» EXERCISE
From the listing below, reproduce exactly the lines starting with the one with "Photo of a pen" and going on through the one with "1900 Cegléd, Gőzfürdő, természet- és", both ends kept. No picture is copied.

(DATA begins)

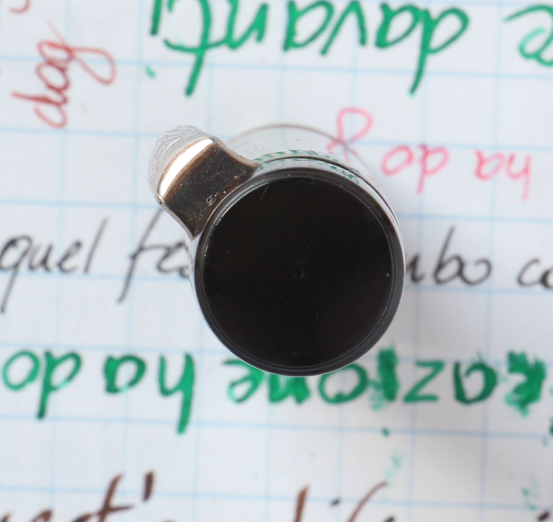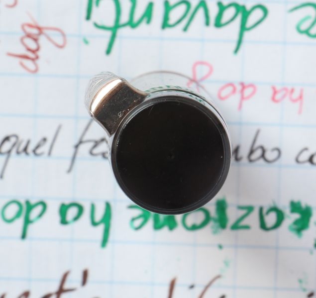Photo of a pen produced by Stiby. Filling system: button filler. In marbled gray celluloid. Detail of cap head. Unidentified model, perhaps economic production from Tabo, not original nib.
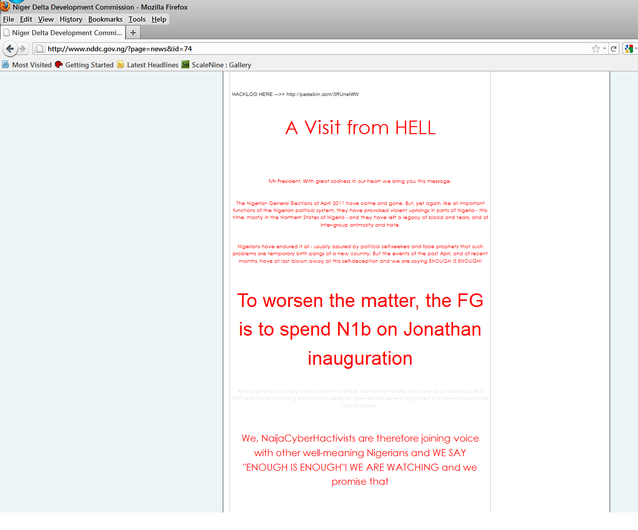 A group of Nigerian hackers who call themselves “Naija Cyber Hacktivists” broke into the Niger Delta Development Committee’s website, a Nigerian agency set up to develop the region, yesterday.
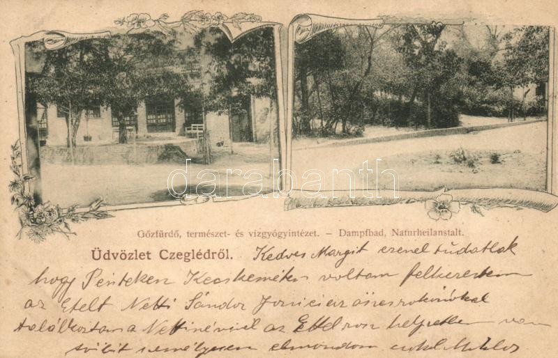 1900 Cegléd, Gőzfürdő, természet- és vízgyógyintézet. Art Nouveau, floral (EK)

(DATA ends)
(DATA begins)

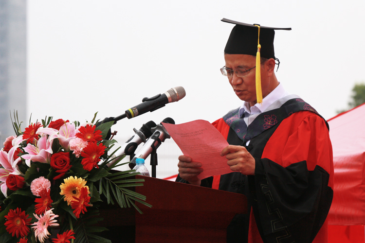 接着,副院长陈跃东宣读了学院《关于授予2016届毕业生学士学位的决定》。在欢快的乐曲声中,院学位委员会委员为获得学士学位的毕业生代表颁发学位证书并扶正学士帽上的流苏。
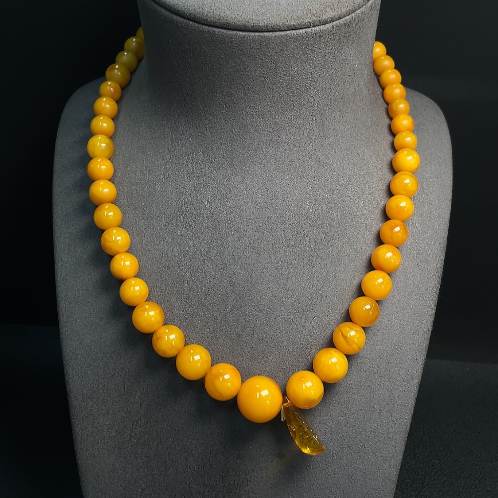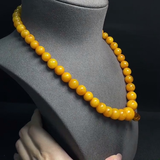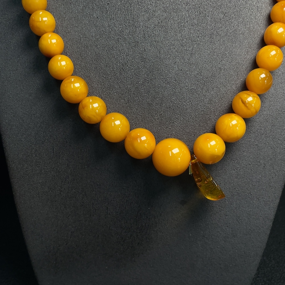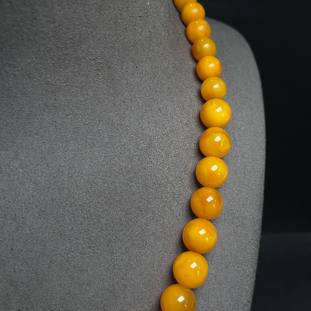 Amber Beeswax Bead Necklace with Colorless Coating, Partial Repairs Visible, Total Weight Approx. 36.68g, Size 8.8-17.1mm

(DATA ends)

» EXPECTED ANSWER
Photo of a pen produced by Stiby. Filling system: button filler. In marbled gray celluloid. Detail of cap head. Unidentified model, perhaps economic production from Tabo, not original nib.
 A group of Nigerian hackers who call themselves “Naija Cyber Hacktivists” broke into the Niger Delta Development Committee’s website, a Nigerian agency set up to develop the region, yesterday.
 1900 Cegléd, Gőzfürdő, természet- és vízgyógyintézet. Art Nouveau, floral (EK)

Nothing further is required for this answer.